TASK REQUIREMENTS: Please produce an exact transcription of the lines from the one containing "Камера Web Oklick" through the last line of the entries, leaving out every picture.

(Collected data entries)

——————————

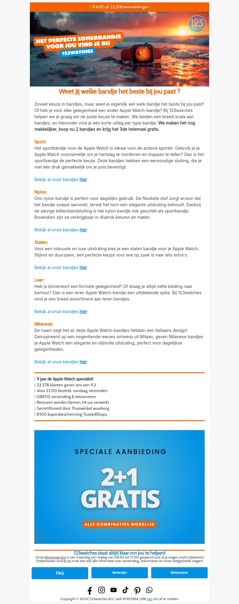 De zomervakantie is bijna voorbij en het is tijd om je Apple Watch een nieuwe look te geven. 123watches biedt een breed scala aan bandjes aan, van sportief tot elegant. Profiteer nu van de speciale aanbieding: koop 2 bandjes en krijg de derde helemaal gratis!
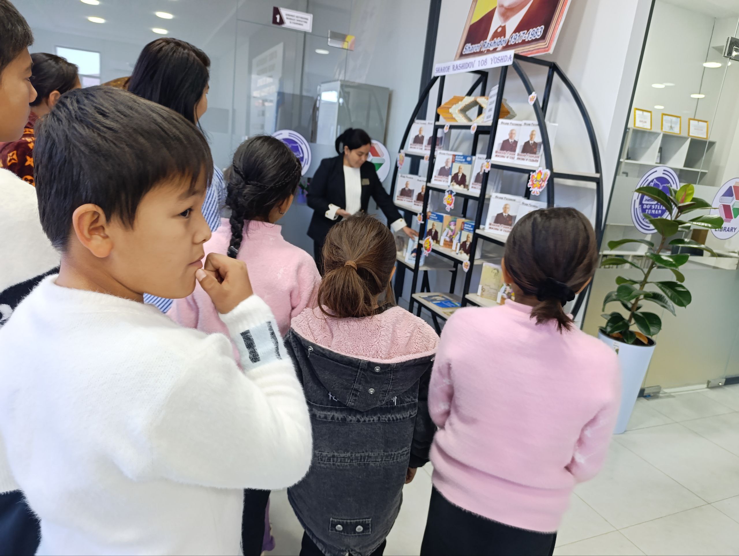 Joriy yilning 6 - noyabr sanasida Do'stlik tuman axborot-kutubxona markazi xodimlari tomonidan Jizzaxlik el suygan davlat arbobi Sharof Rashidov tavalludining 108 yilligi munosabati bilan "Sharof Rashidov Jizzaxning ardoqli farzandi" nomli kitoblar ko'rgazmasi tashkil etilib, ushbu koʻrgazmaga kutubxonaga tashrif buyurgan kitobxonlar jalb etildi. Markaz xodimlari tomonidan yozuvchining hayot yoʻli, ijodiy faoliyati va asarlari haqida kitobxonlarga ma'lumotlar berib oʻtildi.
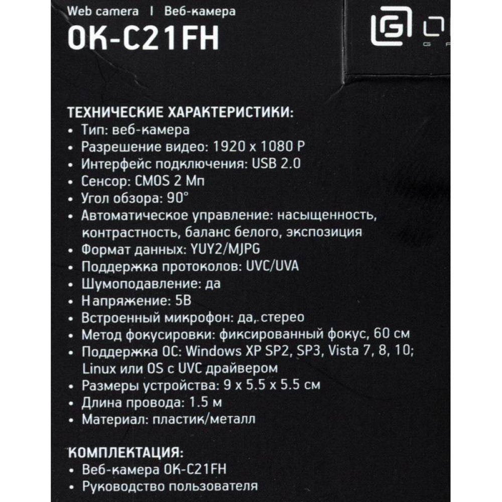 Камера Web Oklick OK-C21FH черный 2Mpix (1920x1080) USB2.0 с микрофоном
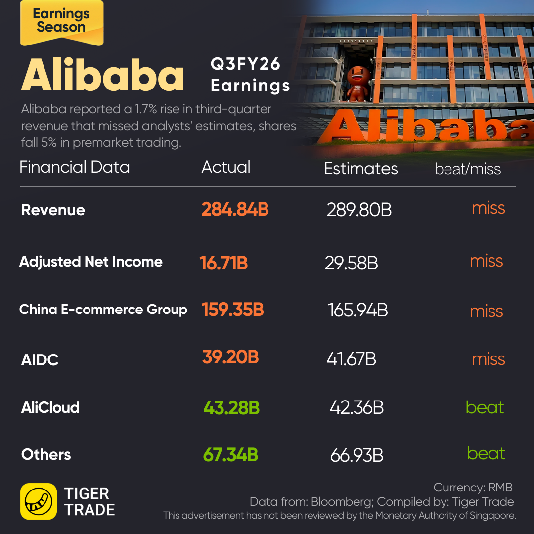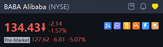 Alibaba's U.S.-listed shares fell more than 5% in premarket trading.
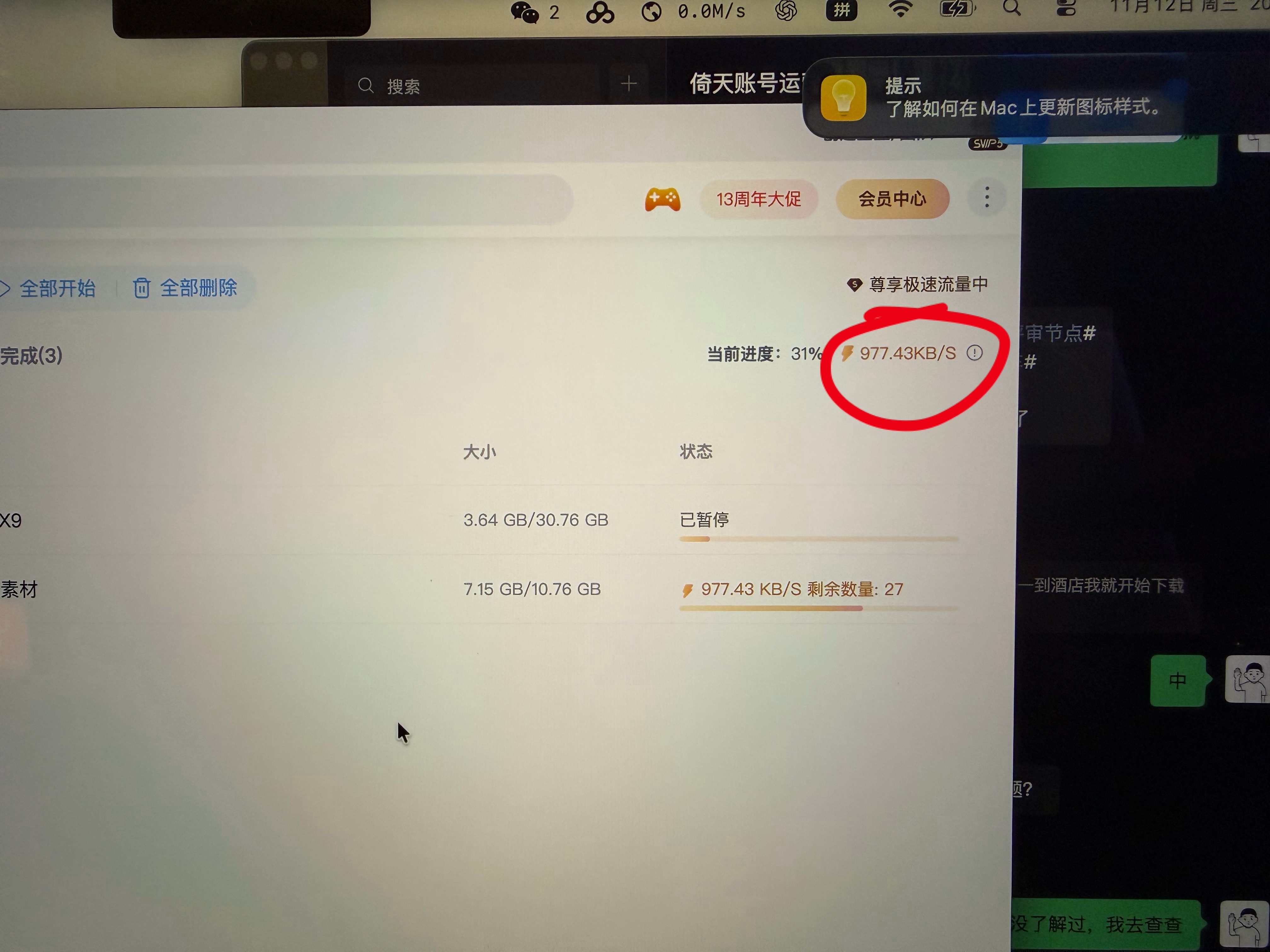 深圳美高梅酒店的网速也太差了,出差因工作需要下载一个素材每秒只有1MB左右的速度

——————————

YOUR SOLUTION:
 Камера Web Oklick OK-C21FH черный 2Mpix (1920x1080) USB2.0 с микрофоном
 Alibaba's U.S.-listed shares fell more than 5% in premarket trading.
 深圳美高梅酒店的网速也太差了,出差因工作需要下载一个素材每秒只有1MB左右的速度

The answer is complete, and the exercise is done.